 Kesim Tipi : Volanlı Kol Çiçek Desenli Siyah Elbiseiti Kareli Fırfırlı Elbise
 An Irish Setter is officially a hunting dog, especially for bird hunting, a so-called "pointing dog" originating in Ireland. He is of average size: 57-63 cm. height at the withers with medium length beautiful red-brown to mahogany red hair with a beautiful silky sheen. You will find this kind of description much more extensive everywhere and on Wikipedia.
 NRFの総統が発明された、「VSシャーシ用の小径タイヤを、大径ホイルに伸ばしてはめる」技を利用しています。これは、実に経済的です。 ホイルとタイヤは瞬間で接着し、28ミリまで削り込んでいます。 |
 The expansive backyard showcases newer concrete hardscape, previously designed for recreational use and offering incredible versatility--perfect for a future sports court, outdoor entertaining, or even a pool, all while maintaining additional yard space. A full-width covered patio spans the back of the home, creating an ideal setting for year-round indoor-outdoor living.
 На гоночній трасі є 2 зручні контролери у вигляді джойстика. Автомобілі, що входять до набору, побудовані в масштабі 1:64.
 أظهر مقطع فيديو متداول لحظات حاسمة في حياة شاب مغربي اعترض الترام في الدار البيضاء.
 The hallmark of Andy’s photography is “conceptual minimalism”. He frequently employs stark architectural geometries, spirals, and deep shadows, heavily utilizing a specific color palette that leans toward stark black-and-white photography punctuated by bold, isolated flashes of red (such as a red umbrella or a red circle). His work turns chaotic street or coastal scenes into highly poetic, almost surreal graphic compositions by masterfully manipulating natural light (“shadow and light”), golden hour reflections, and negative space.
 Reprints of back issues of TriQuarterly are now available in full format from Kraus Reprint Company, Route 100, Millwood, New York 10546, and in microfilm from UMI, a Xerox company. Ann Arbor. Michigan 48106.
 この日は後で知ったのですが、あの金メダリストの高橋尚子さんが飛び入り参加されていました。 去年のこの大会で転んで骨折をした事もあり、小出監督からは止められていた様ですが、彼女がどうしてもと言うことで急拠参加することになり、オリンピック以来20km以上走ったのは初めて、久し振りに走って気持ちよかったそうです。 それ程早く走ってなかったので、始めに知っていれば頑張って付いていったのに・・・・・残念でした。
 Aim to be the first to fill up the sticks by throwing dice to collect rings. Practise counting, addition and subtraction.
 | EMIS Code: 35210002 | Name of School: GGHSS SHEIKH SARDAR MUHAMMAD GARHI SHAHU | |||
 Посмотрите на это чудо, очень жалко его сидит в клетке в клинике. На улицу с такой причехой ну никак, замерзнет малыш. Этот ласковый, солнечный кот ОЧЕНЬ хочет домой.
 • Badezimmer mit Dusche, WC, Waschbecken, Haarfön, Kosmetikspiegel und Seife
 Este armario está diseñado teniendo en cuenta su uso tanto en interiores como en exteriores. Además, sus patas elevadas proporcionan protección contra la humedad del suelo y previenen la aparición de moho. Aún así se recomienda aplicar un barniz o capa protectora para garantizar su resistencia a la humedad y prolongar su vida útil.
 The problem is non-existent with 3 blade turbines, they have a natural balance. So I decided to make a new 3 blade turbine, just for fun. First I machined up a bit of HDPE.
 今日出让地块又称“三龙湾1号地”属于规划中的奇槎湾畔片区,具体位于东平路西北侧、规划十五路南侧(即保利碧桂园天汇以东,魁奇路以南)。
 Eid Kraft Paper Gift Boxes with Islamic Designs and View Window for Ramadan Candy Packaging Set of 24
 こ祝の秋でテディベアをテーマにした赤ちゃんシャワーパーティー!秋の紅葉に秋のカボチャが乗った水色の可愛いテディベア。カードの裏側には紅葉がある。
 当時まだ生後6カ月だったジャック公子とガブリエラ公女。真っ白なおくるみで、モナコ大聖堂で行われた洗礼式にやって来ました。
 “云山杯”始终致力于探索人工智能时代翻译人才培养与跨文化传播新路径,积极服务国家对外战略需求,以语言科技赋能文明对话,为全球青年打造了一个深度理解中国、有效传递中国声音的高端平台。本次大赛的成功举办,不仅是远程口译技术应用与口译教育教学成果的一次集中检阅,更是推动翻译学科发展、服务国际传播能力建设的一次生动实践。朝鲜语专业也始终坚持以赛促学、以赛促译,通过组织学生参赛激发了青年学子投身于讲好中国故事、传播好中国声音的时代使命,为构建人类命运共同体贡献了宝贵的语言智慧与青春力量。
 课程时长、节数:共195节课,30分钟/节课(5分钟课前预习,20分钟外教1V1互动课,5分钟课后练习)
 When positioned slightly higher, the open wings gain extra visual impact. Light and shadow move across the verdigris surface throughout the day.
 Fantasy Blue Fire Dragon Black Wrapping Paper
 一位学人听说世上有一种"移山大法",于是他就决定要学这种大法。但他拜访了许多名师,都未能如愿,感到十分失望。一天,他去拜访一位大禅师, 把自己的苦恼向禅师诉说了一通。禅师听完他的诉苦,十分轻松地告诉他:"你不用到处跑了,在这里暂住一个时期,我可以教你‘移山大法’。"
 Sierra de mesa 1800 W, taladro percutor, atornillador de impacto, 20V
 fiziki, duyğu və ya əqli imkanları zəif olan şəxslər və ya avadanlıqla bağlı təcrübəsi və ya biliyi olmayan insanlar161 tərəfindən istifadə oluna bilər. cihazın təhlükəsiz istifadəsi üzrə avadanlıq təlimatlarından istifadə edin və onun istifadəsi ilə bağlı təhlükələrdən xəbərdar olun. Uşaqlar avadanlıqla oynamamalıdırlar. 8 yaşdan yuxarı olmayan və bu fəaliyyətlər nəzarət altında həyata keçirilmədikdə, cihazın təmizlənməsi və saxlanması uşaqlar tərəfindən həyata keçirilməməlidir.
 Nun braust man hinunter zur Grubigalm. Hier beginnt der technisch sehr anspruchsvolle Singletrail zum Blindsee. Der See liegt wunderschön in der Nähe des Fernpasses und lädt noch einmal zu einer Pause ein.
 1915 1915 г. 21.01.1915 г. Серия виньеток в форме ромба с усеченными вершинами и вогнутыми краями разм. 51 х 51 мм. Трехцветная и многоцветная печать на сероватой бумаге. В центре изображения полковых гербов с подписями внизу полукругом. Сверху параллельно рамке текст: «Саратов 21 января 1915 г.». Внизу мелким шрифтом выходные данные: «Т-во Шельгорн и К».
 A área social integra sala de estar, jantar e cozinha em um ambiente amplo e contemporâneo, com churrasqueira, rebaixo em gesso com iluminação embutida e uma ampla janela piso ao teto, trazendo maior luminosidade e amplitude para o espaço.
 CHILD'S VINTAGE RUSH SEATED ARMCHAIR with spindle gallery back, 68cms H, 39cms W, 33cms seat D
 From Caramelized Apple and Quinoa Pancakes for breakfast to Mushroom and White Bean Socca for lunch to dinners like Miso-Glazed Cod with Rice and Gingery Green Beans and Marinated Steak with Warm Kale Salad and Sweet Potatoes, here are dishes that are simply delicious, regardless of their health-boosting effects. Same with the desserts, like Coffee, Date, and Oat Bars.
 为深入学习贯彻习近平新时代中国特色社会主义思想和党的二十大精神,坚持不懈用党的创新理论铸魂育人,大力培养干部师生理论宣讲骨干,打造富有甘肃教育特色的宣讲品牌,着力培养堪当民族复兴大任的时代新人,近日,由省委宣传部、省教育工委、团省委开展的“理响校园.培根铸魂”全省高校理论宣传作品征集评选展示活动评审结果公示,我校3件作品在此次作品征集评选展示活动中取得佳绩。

========

Out of the data above, give again only the lines starting at the one holding "Aim to be the" and ending at the one holding "Kosmetikspiegel und Seife", unchanged.

Solution to the problem:
 Aim to be the first to fill up the sticks by throwing dice to collect rings. Practise counting, addition and subtraction.
 | EMIS Code: 35210002 | Name of School: GGHSS SHEIKH SARDAR MUHAMMAD GARHI SHAHU | |||
 Посмотрите на это чудо, очень жалко его сидит в клетке в клинике. На улицу с такой причехой ну никак, замерзнет малыш. Этот ласковый, солнечный кот ОЧЕНЬ хочет домой.
 • Badezimmer mit Dusche, WC, Waschbecken, Haarfön, Kosmetikspiegel und Seife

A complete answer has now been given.